[Try it] When you transcribe the listing, keep each line exact and drop the pictures.

[Data listing]
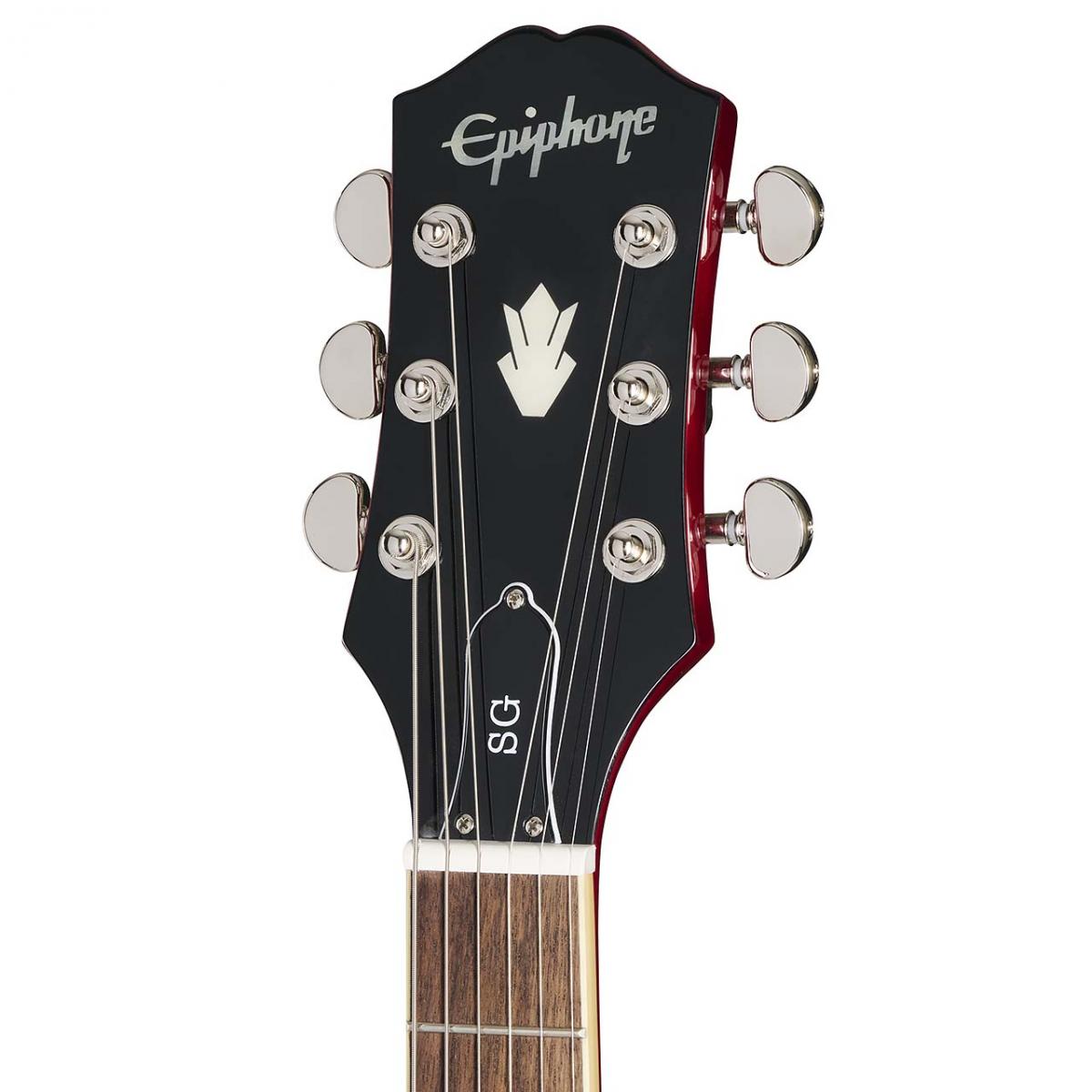 SGスタンダードはプレイヤーにフィットするコンター加工付きのボディ形状を持ち、ダブル・カッタウェイにより22フレット全てのポジションへの容易なアクセスを実現しています。セットネック方式でジョイントされたネックはSGの高いサスティン特性に寄与しています。ネックシェイプはスリム・テーパー Cプロファイルが採用され、素早い滑らかなフィンガリングを可能にしています。ミディアム・ジャンボ・フレットが打たれたローレル指板にはパーロイド素材のディッシュ・インレイが施され、12インチの指板R(ラディアス)採用によりロー・ポジションでのコード・プレイやハイ・ポジションでのベンディングの両方をストレスなく行えます。
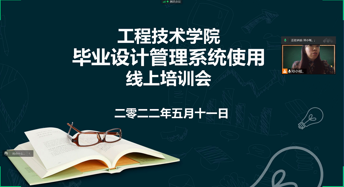 為保障畢業設計工作有序推進,進一步提升畢業設計水平及質量,5月11日下午,工程技術學院通過騰訊會議在線上開展畢業設計管理系統使用培訓會。本次培訓為鄧春瑤老師主講。全體畢業設計指導教師參加培訓會。
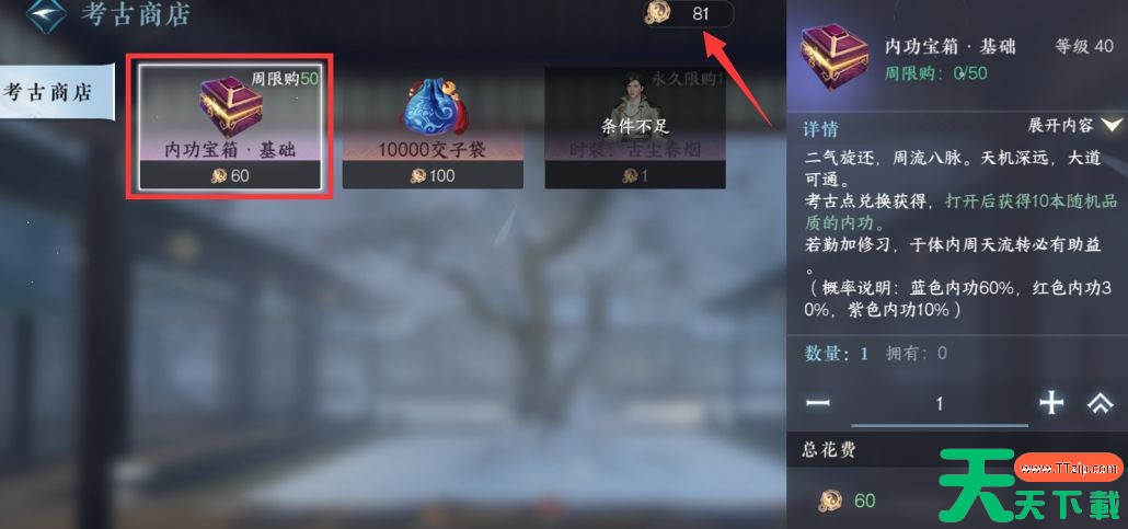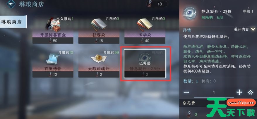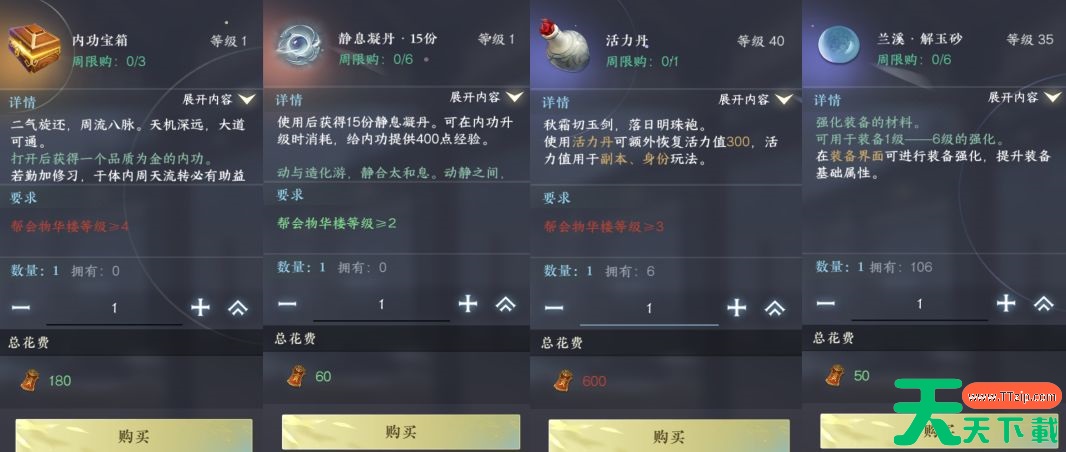 优先内功宝箱,静息凝丹,活力丹剩余的兑换兰溪解玉砂!
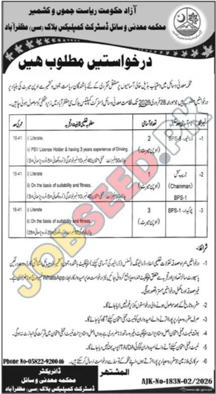 The Azad Government of Jammu and Kashmir's Department of Minerals and Resources is hiring for various support staff positions in Muzaffarabad. Vacancies include Driver (BPS-5), Chainman (BPS-1), and Chowkidar (BPS-1). Applicants must be literate and meet specific experience criteria, particularly for the driver role which requires a PSV license and three years of driving experience. The application deadline is February 28, 2026. These government job openings provide a chance for professional growth within the public sector.
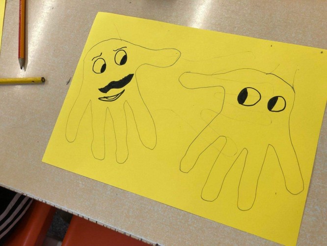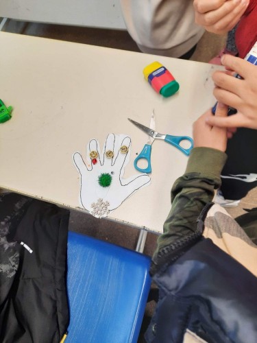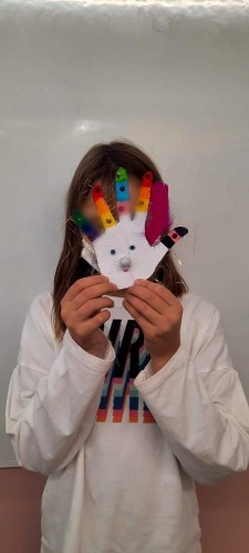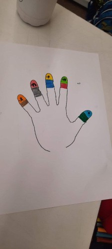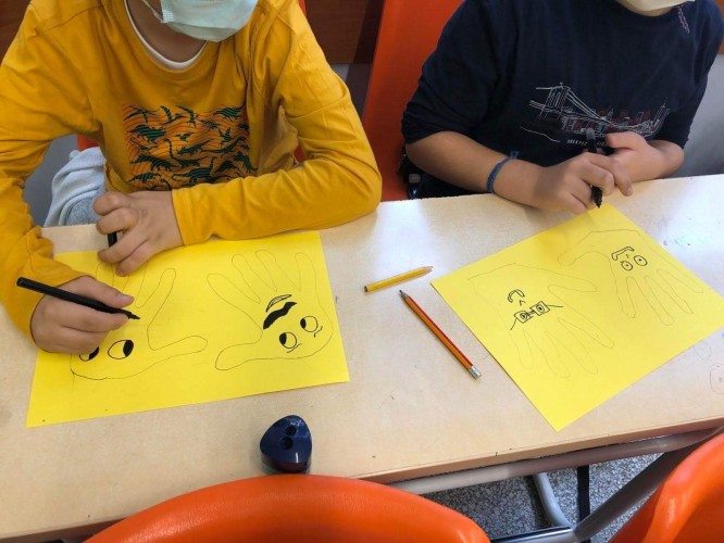 Τέλος, έφτιαξαν τη δική τους διαφορετική «Παλάμη- πρόσωπο» όπου τη φιλοτέχνησε ο κάθε ένας με τον δικό του ευφάνταστο τρόπο και θα τη χρησιμοποιήσουν στο πιο πρωτότυπο Κουκλοθέατρο με θέμα «Ο εαυτός μου: Ελάτε να γνωριστούμε».
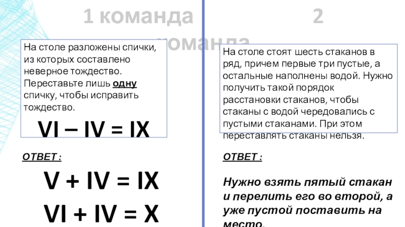 На столе стоят шесть стаканов в ряд, причем первые три пустые, а остальные наполнены водой. Нужно получить такой порядок расстановки стаканов, чтобы стаканы с водой чередовались с пустыми стаканами. При этом переставлять стаканы нельзя.

[Task answer]
 SGスタンダードはプレイヤーにフィットするコンター加工付きのボディ形状を持ち、ダブル・カッタウェイにより22フレット全てのポジションへの容易なアクセスを実現しています。セットネック方式でジョイントされたネックはSGの高いサスティン特性に寄与しています。ネックシェイプはスリム・テーパー Cプロファイルが採用され、素早い滑らかなフィンガリングを可能にしています。ミディアム・ジャンボ・フレットが打たれたローレル指板にはパーロイド素材のディッシュ・インレイが施され、12インチの指板R(ラディアス)採用によりロー・ポジションでのコード・プレイやハイ・ポジションでのベンディングの両方をストレスなく行えます。
 為保障畢業設計工作有序推進,進一步提升畢業設計水平及質量,5月11日下午,工程技術學院通過騰訊會議在線上開展畢業設計管理系統使用培訓會。本次培訓為鄧春瑤老師主講。全體畢業設計指導教師參加培訓會。
 优先内功宝箱,静息凝丹,活力丹剩余的兑换兰溪解玉砂!
 The Azad Government of Jammu and Kashmir's Department of Minerals and Resources is hiring for various support staff positions in Muzaffarabad. Vacancies include Driver (BPS-5), Chainman (BPS-1), and Chowkidar (BPS-1). Applicants must be literate and meet specific experience criteria, particularly for the driver role which requires a PSV license and three years of driving experience. The application deadline is February 28, 2026. These government job openings provide a chance for professional growth within the public sector.
 Τέλος, έφτιαξαν τη δική τους διαφορετική «Παλάμη- πρόσωπο» όπου τη φιλοτέχνησε ο κάθε ένας με τον δικό του ευφάνταστο τρόπο και θα τη χρησιμοποιήσουν στο πιο πρωτότυπο Κουκλοθέατρο με θέμα «Ο εαυτός μου: Ελάτε να γνωριστούμε».
 На столе стоят шесть стаканов в ряд, причем первые три пустые, а остальные наполнены водой. Нужно получить такой порядок расстановки стаканов, чтобы стаканы с водой чередовались с пустыми стаканами. При этом переставлять стаканы нельзя.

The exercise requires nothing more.